Test if your defined tpm/rpm limits are respected across multiple instances of the Router object.

In our test:
- Max RPM per deployment is = 100 requests per minute
- Max Throughput / min on router = 200 requests per minute (2 deployments)
- Load we'll send through router = 600 requests per minute

:::info

If you don't want to call a real LLM API endpoint, you can setup a fake openai server. [See code](#extra---setup-fake-openai-server)

:::

### Code

Let's hit the router with 600 requests per minute.

Copy this script 👇. Save it as `test_loadtest_router.py` AND run it with `python3 test_loadtest_router.py`


```python
from litellm import Router
import litellm
litellm.suppress_debug_info = True
litellm.set_verbose = False
import logging
logging.basicConfig(level=logging.CRITICAL)
import os, random, uuid, time, asyncio

# Model list for OpenAI and Anthropic models
model_list = [
    {
        "model_name": "fake-openai-endpoint",
        "litellm_params": {
            "model": "gpt-3.5-turbo",
            "api_key": "my-fake-key",
            "api_base": "http://0.0.0.0:8080",
            "rpm": 100
        },
    },
    {
        "model_name": "fake-openai-endpoint",
        "litellm_params": {
            "model": "gpt-3.5-turbo",
            "api_key": "my-fake-key",
            "api_base": "http://0.0.0.0:8081",
            "rpm": 100
        },
    },
]

router_1 = Router(model_list=model_list, num_retries=0, enable_pre_call_checks=True, routing_strategy="usage-based-routing-v2", redis_host=os.getenv("REDIS_HOST"), redis_port=os.getenv("REDIS_PORT"), redis_password=os.getenv("REDIS_PASSWORD"))
router_2 = Router(model_list=model_list, num_retries=0, routing_strategy="usage-based-routing-v2", enable_pre_call_checks=True, redis_host=os.getenv("REDIS_HOST"), redis_port=os.getenv("REDIS_PORT"), redis_password=os.getenv("REDIS_PASSWORD"))


async def router_completion_non_streaming():
  try:
    client: Router = random.sample([router_1, router_2], 1)[0] # randomly pick b/w clients
    # print(f"client={client}")
    response = await client.acompletion(
              model="fake-openai-endpoint", # [CHANGE THIS] (if you call it something else on your proxy)
              messages=[{"role": "user", "content": f"This is a test: {uuid.uuid4()}"}],
          )
    return response
  except Exception as e:
    # print(e)
    return None

async def loadtest_fn():
    start = time.time()
    n = 600  # Number of concurrent tasks
    tasks = [router_completion_non_streaming() for _ in range(n)]
    chat_completions = await asyncio.gather(*tasks)
    successful_completions = [c for c in chat_completions if c is not None]
    print(n, time.time() - start, len(successful_completions))

def get_utc_datetime():
    import datetime as dt
    from datetime import datetime

    if hasattr(dt, "UTC"):
        return datetime.now(dt.UTC)  # type: ignore
    else:
        return datetime.utcnow()  # type: ignore


# Run the event loop to execute the async function
async def parent_fn():
  for _ in range(10):
    dt = get_utc_datetime()
    current_minute = dt.strftime("%H-%M")
    print(f"triggered new batch - {current_minute}")
    await loadtest_fn()
    await asyncio.sleep(10)

asyncio.run(parent_fn())
```
## Multi-Instance TPM/RPM Load Test (Proxy)

Test if your defined tpm/rpm limits are respected across multiple instances.

The quickest way to do this is by testing the [proxy](./proxy/quick_start.md).
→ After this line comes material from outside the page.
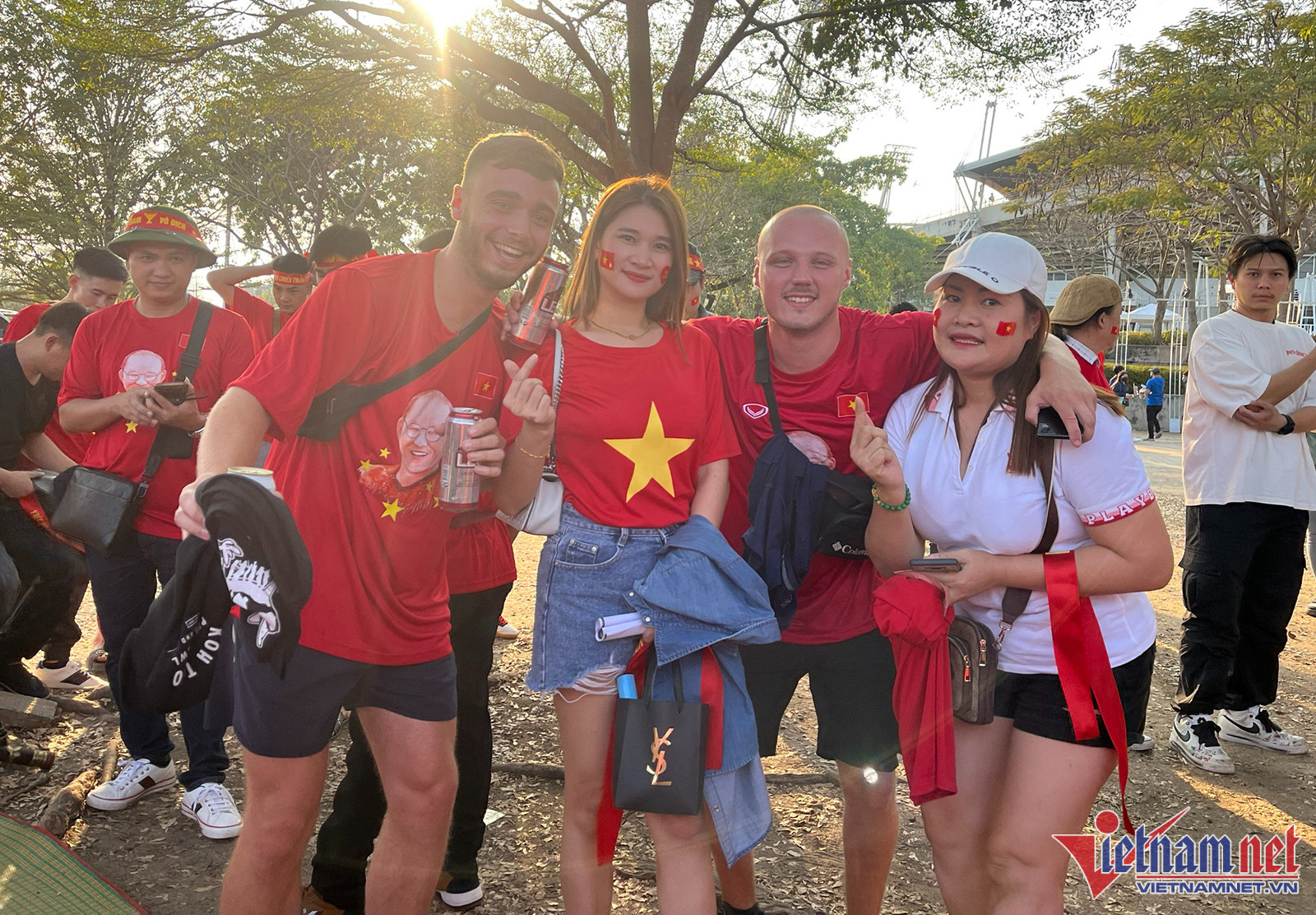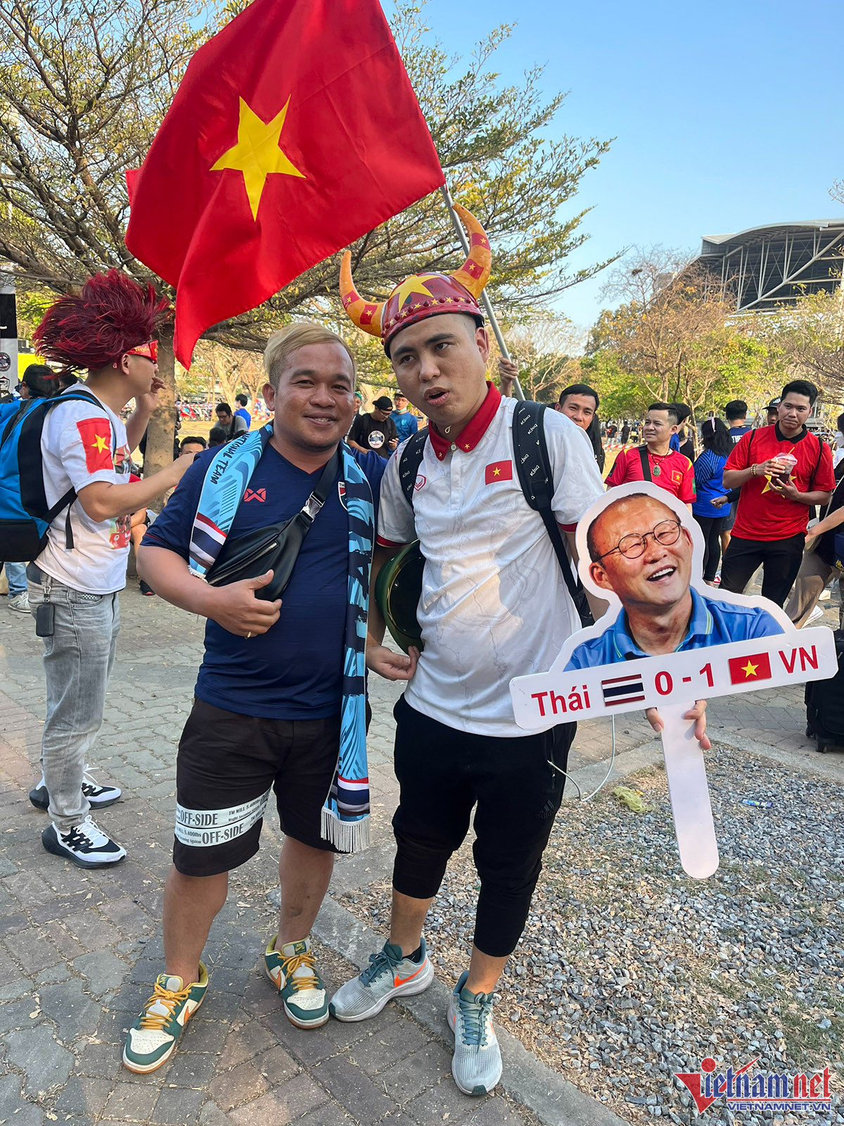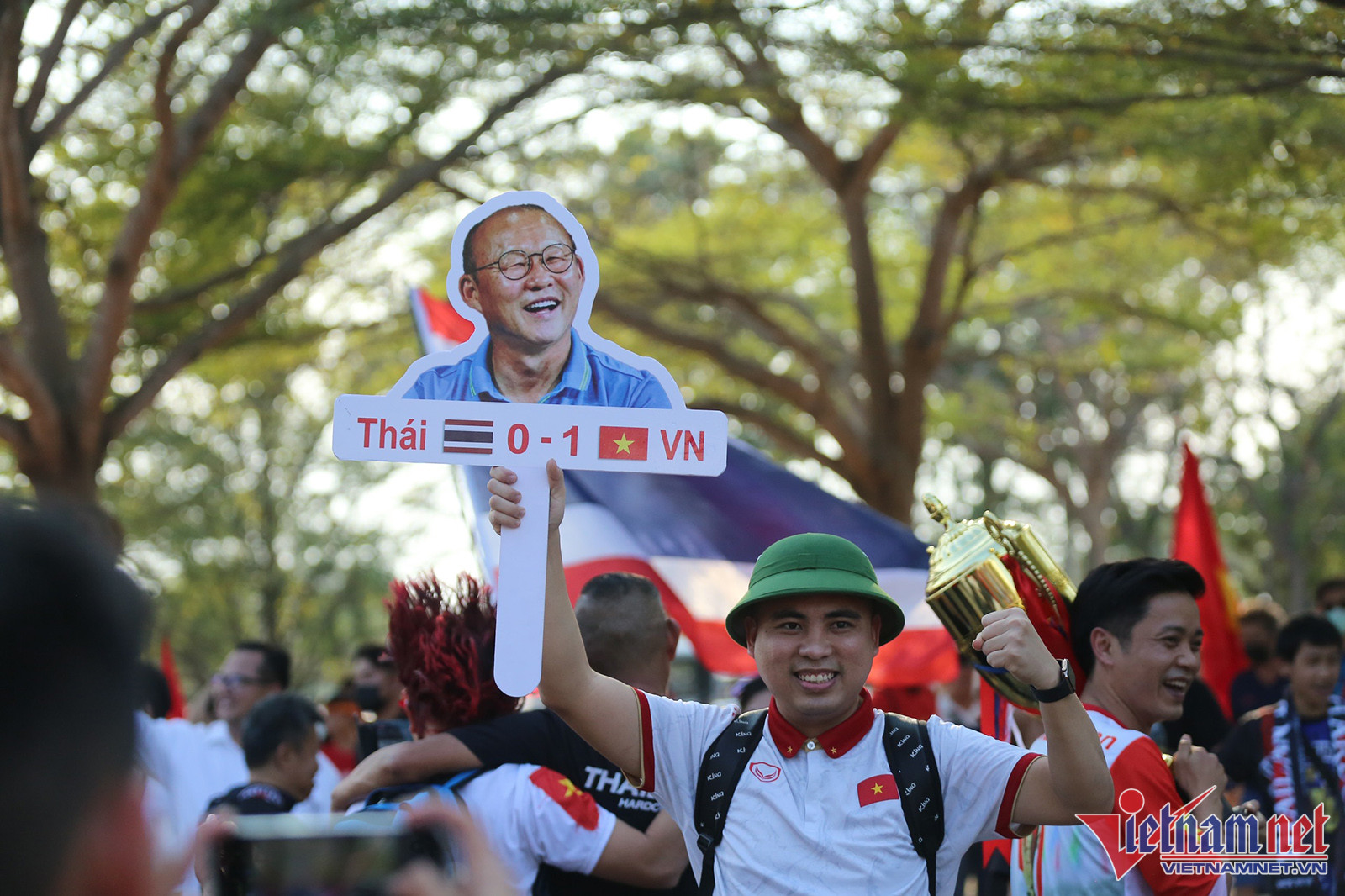 Trước trận chung kết 4 tiếng đồng hồ, hàng nghìn CĐV đổ về sân Thammasat, trong đó các CĐV áo đỏ của Việt Nam trở thành tâm điểm bởi sự cuồng nhiệtCác CĐV "Tây" hâm mộ tuyển Việt Nam cũng có mặt trên sân ThammasatCĐV Việt Nam và Thái Lan giao lưu trước trận đấu.Một CĐV chủ nhà gây sự chú ý bởi trang phục truyền thống.Đây là dịp để các fan nữ hai đội khoe sắcCác CĐV mang theo ảnh thầy ParkVà cả mũ cối với dòng chữ 'Việt Nam vô địch'Trận đấu giữa tuyển Việt Nam vs Thái Lan rất được chờ đợi.\Dự kiến có 2.000 CĐV Việt Nam vào sân Thammasat cổ vũ thầy trò HLV Park Hang SeoTất cả đều cháy hết mình, sát cánh cùng thầy trò HLV Park Hang SeoCác CĐV Việt Nam tiếp lửa giúp thầy trò HLV Park Hang Seo giành cúp vô địchĐây chính là món quà tri ân dành tặng HLV Park Hang SeoHLV Park Hang Seo xứng đáng có một cái kết thật ý nghĩa trước khi chia tay tuyển Việt NamTrận chung kết lượt về AFF Cup 2022 giữa tuyển Việt Nam vs Thái Lan diễn ra vào lúc 19h30 trên sân Thammsat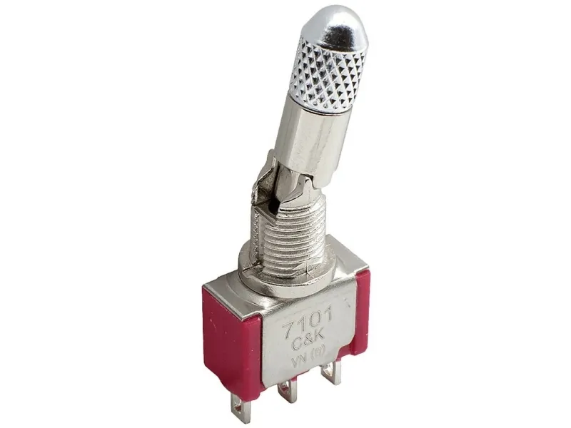 C & K COMPONENTS 7101P4D9AV2BE Toggle Switch, SPDT, On-on, Latched, 0.02A, 20VDC, 3 PCB Hole Cnt, Solder Terminal, High Flatted, Anti-rotation Actuator, Through Hole-right Angle

The proxy uses the [router](./routing.md) under the hood, so if you're using either of them, this test should work for you.

In our test:
- Max RPM per deployment is = 100 requests per minute
- Max Throughput / min on proxy = 200 requests per minute (2 deployments)
- Load we'll send to proxy = 600 requests per minute


So we'll send 600 requests per minute, but expect only 200 requests per minute to succeed.

:::info

If you don't want to call a real LLM API endpoint, you can setup a fake openai server. [See code](#extra---setup-fake-openai-server)

:::

### 1. Setup config

```yaml
model_list:
- litellm_params:
    api_base: http://0.0.0.0:8080
    api_key: my-fake-key
    model: openai/my-fake-model
    rpm: 100
  model_name: fake-openai-endpoint
- litellm_params:
    api_base: http://0.0.0.0:8081
    api_key: my-fake-key
    model: openai/my-fake-model-2
    rpm: 100
  model_name: fake-openai-endpoint
router_settings:
  num_retries: 0
  enable_pre_call_checks: true
  redis_host: os.environ/REDIS_HOST ## 👈 IMPORTANT! Setup the proxy w/ redis
  redis_password: os.environ/REDIS_PASSWORD
  redis_port: os.environ/REDIS_PORT
  routing_strategy: usage-based-routing-v2
```

### 2. Start proxy 2 instances

**Instance 1**
```bash
litellm --config /path/to/config.yaml --port 4000

## RUNNING on http://0.0.0.0:4000
```

**Instance 2**
```bash
litellm --config /path/to/config.yaml --port 4001

## RUNNING on http://0.0.0.0:4001
```

### 3. Run Test

Let's hit the proxy with 600 requests per minute.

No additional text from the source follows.